Il ruolo del prete a capo di una comunità oggi soffre di una duplice crisi, spiega Cugini: di identità sicuramente, ma anche di credibilità.
«Da una parte, gli scandali della pedofilia hanno contribuito a corrodere l’immagine del prete come un essere ontologicamente diverso, come una certa spiritualità aveva contribuito a creare, come se fosse immune alle passioni. Dall’altra, l’attuale contesto culturale sempre più post-cristiana e post-teista, rende obsoleta la presenza di quel modello di prete che funzionava nell’epoca della cristianità, ma che oggi ha valore solo per la vecchia guardia cattolica». P
aolo Cugini prova a tracciare alcune piste percorribili per edificare una «Chiesa del dopo», che però è già iniziata. Prima di tutto suggerisce di «chiudere i seminari», divenuti ormai inutili:
«Nella Chiesa del dopo» «le guide di comunità non dovranno essere celibi e nemmeno separati dal popolo di Dio. Saranno scelti tra quelle donne e quegli uomini che la comunità indicherà». Le nuove guide, siano esse uomini o donne, si formeranno con «un percorso molto più semplice, più attento alle tematiche del tempo presente, collegato alle facoltà umanistiche già esistenti e integrato con proposte locali modificabili di anno in anno».

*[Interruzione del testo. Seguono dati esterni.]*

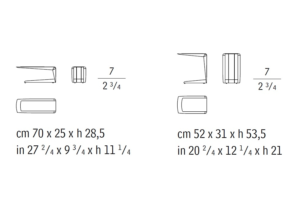| Dimensions | 70 x 25 x H 28,5 cm; 52 x 31 x H 53,5 cm. |

Al secondo punto, Cugini propone «uno stile di vita riconosciuto» per le guide di comunità:
«Dovranno essere persone adulte, con alle spalle un cammino di vita evangelica riconosciuta dalla comunità. L’idea che dei ragazzi di 25 anni siano in grado di presiedere l’eucarestia in una comunità, per il semplice fatto che hanno terminato un percorso di studi è veramente poco evangelica».
Secondo il parroco bolognese, non contano tanto gli anni di studio quanto uno stile di vita riconosciuto dalla comunità fondato sulla trasparenza, la giustizia, la gratuità, l’amore per i poveri, gli esclusi, per la pace.
Terzo: occorre «coinvolgere il popolo nella scelta» della propria guida, come segno del superamento di una mentalità gerarchia «mai abbandonata», e come effettiva responsabilizzazione della comunità dei laici. Ancora oggi, denuncia Cugini, «nonostante i proclami e i tanti documenti, è visibile la separazione netta tra clero e laicato».
Quarto: è necessario «rivedere la teologia del sacramento dell’Ordine» adeguandola alla valenza soggettiva e personale della vocazione:
«Se la scelta non è più individuale ma comunitaria, nel senso che è la comunità che indica il candidato e non viceversa, può essere un servizio a tempo, un periodo stabilito assieme ai membri della comunità, a partire anche dalla situazione personale del candidato. Questo aspetto aiuterebbe a sfatare l’alone di mistero attorno al prescelto, come se fosse un eletto da Dio».
Secondo Paolo Cugini, infine, l’incarico di guidare una comunità non dovrebbe essere retribuito bensì volontario, perché la guida di comunità è un credente tra tanti, che «svolge il proprio lavoro e alla domenica presiede l’eucarestia». Coordina poi i vari gruppi interni alla comunità, che però saranno autonomi e guidati a loro volta su base volontaria.
«Ciò permetterebbe alle guide di essere più libere, meno dipendenti dalla comunità da un legame di tipo economico».